If that offends you even a little, then you are almost ready for what happens next. Because what happens is that the local ministerial association comes into the café and sits down at a table not far from the sinners table. The religious authorities all have good teeth and there is no dirt under their fingernails. When their food comes, they hold hands to pray. They are all perfectly nice people, but they can hardly eat their strawberry rhubarb pie for staring at the strange crowd at the nearby table.
The abortion doctor has on her blue hospital scrubs, the single mom has hair that has not been washed in days and the garbage collector smells like spoiled meat. The addict cannot seem to find his mouth with a spoon. But none of this raises much ire. The heartbreaker is Jesus, sitting there as if everything is simply fine. Doesn’t he know what kind of message he is sending?

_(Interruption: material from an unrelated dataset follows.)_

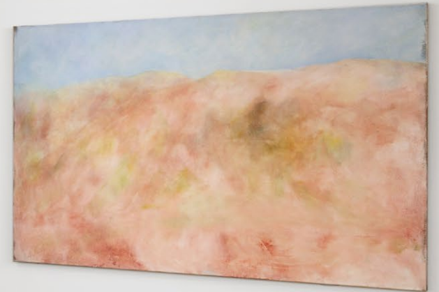
Exhibition view, Sol Calero, Nino Kapanadze, Shana Moulton , Crèveœur, Paris, 2023.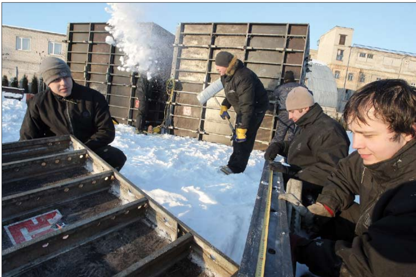
Uzvaras parkā jau sākusies gatavošanās 12. Starptautiskajam Ledus skulptūru festivālam – šajā nedēļā, izveidojot formas, likti pamati Baltijā garākajai sniega skulptūrai. Tiesa gan – pie tās veidošanas mākslinieki ķersies, sākoties festivālam.

“Why does your teacher eat with tax collectors and sinners?”
Which table would you be eating at?
In Matthew’s house that day, Jesus reacts to the religious people complaining about his dinner partners. “Those who are well have no need for physicians, but those who are sick.” Well nobody had been talking about doctors or sick people until Jesus brought it up. “Go and learn what this means.”
Jesus went on, “I desire mercy not sacrifice.” Mercy, as Jesus calls for it is more than keeping the rules of religious ritual by some kind of sacrifice — like not eating pork. Mercy is true compassion. Jesus says if you do not have mercy and compassion for others, then all the rituals in the world will not bring you closer to God.
Then, he concludes by saying, “For I have come to call not the righteous but sinners.” Righteousness means a right relation with God. Mercy is right relation with our neighbor. These combined are critically important for Jesus.
Jesus called Matthew. He got up immediately and then a dinner gathering became a controversial and divine revealing event. But it is clear there is no arguing that Jesus is all about hanging out with the wrong people. Being in right relationship with him means not letting the rules get in the way of including people at the table.
Rather, righteousness is giving up the idea that we can love God and despise each other. We simply cannot, no matter how wrong any of us has been. The only way to work out our relationship with God is to work out our relationship with each other.